*What you need to do:*
Write the data out again exactly, with no pictures.
Data shown: Begin
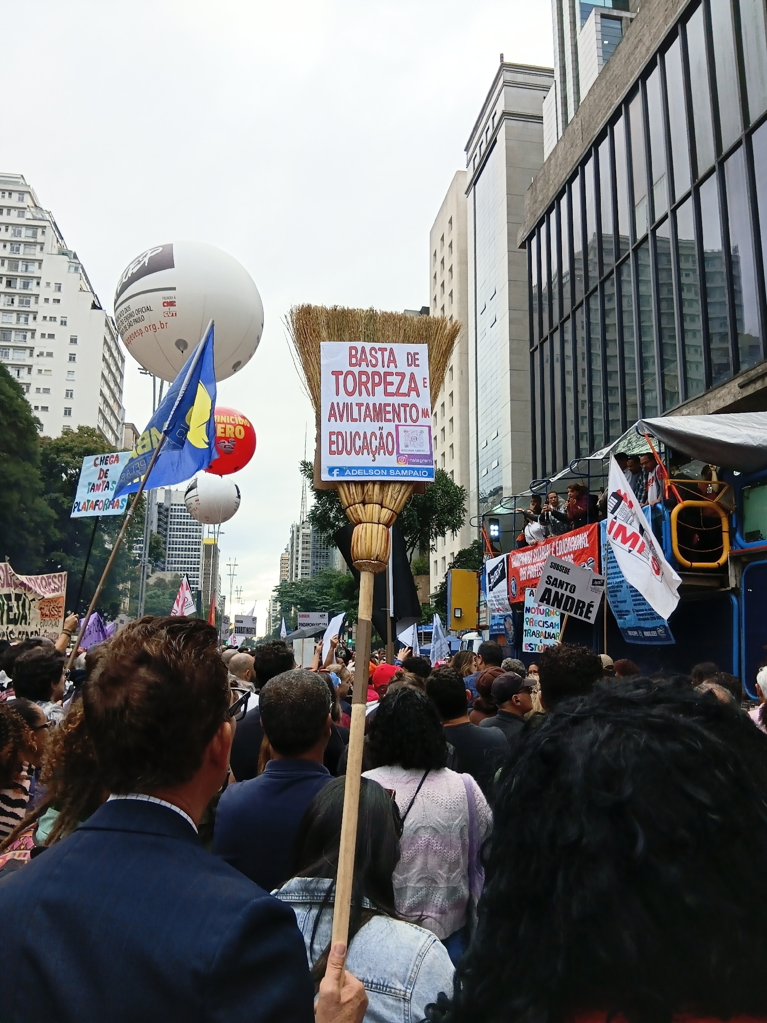 The image shows a protest in São Paulo, Brazil. A large crowd of people fills the street, holding signs and banners. One sign, topped with a broom, reads "BASTA DE TORPEZA E AVILTAMENTO NA EDUCAÇÃO" (…read more
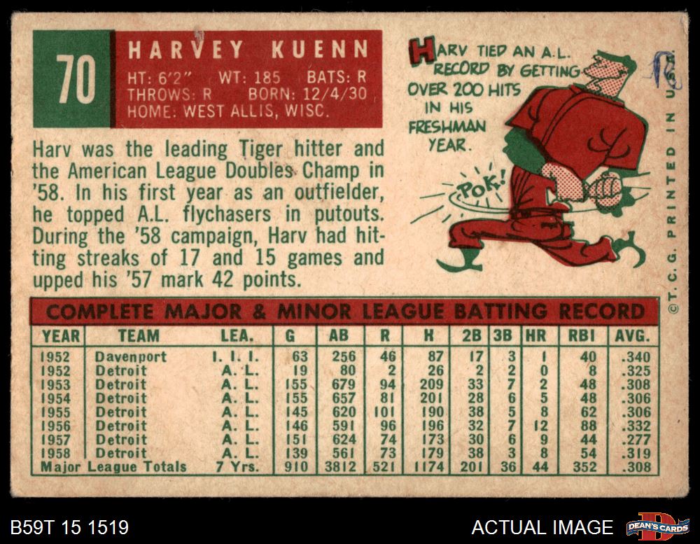 1959 Topps #70 Harvey Kuenn 3.5 - VG+
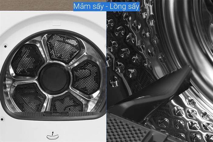 – Cơ chế sấy đảo chiều giúp quần áo tơi đều, giảm nhăn, đồng thời hạn chế xoắn rối.
Data shown: End
*Exercise result:*
 The image shows a protest in São Paulo, Brazil. A large crowd of people fills the street, holding signs and banners. One sign, topped with a broom, reads "BASTA DE TORPEZA E AVILTAMENTO NA EDUCAÇÃO" (…read more
 1959 Topps #70 Harvey Kuenn 3.5 - VG+
 – Cơ chế sấy đảo chiều giúp quần áo tơi đều, giảm nhăn, đồng thời hạn chế xoắn rối.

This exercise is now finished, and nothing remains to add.